Risk factors associated with Management
According to Radostits et al. 61, unrestricted movement of infected animals from an infected herd to a non-infected herd is the primary mode of Brucella pathogen transmission between herds and areas. Effective management practices can contribute to the prevention of transmission. Large herd size, active abortions, and loose housing can increase the time required for recovery from brucellosis, as noted by Al-Majali et al. 62.

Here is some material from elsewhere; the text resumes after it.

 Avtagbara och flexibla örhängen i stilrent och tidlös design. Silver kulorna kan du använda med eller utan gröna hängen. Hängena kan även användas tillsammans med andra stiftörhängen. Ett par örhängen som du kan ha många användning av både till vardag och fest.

Poor management practices during calving are a significant factor in the spread of brucellosis. Mixing calving pens increases exposure, whereas separate calving pens can reduce exposure of infected animals. Higher population density (number of animals per land area) is positively associated with disease prevalence due to increased contact between susceptible and infected animals. Eliminating infected males and minimizing exposure to aborted tissue through effective management practices can greatly reduce disease incidence. Both direct and indirect exposure to aborted fetuses are critical in maintaining infections in a herd. Introducing infected animals and keeping camels with other ruminants can accelerate the spread of infection within a herd, as noted by Menachem 63.

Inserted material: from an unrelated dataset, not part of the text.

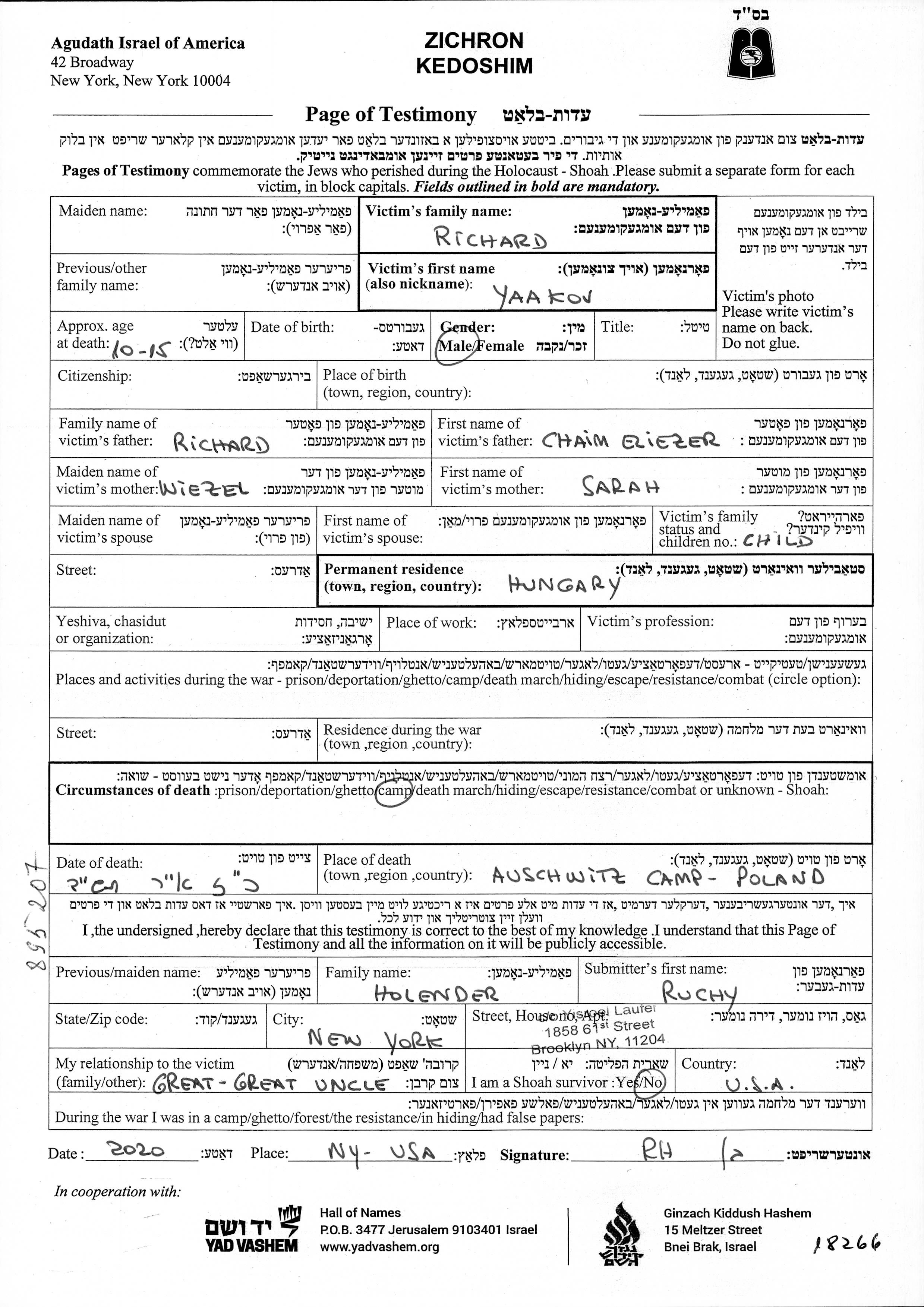 Яаков Рихард Хаим Элиэзер Сара девичья фамилия Визель. Ребенок. Место жительства до войны: Венгрия. Место во время войны: Аушвиц, Польша.

Risk factors associated with the host.
Age: Traditionally, brucellosis has been viewed as a disease affecting adult animals, as susceptibility to the disease increases after sexual maturity and pregnancy. All breeding male and female camels above six months of age were included in the study. Although infection can occur in animals of all age groups, it is more commonly found in sexually matured animals. Younger animals tend to be more resistant to infection and frequently clear the infection, although a few latent infections may occur. However, variations in the age of sexual maturity among breeds could lead to differences in the age at which brucellosis positivity occurs58.
Sex: Female camels had a greater likelihood of being infected with brucellosis, which may be related to the intrinsic biology of the microorganisms and their tendency to target fetal tissue. Since males with brucellosis may exhibit clinical signs such as epididymitis and orchitis, the prevalence in males could be lower than in females because they may be culled more quickly. In contrast, the higher prevalence in females may be due to the absence of clinical signs such as abortion or metritis in non-pregnant infected females or the lack of observation or identification of abortions in extensive herds64.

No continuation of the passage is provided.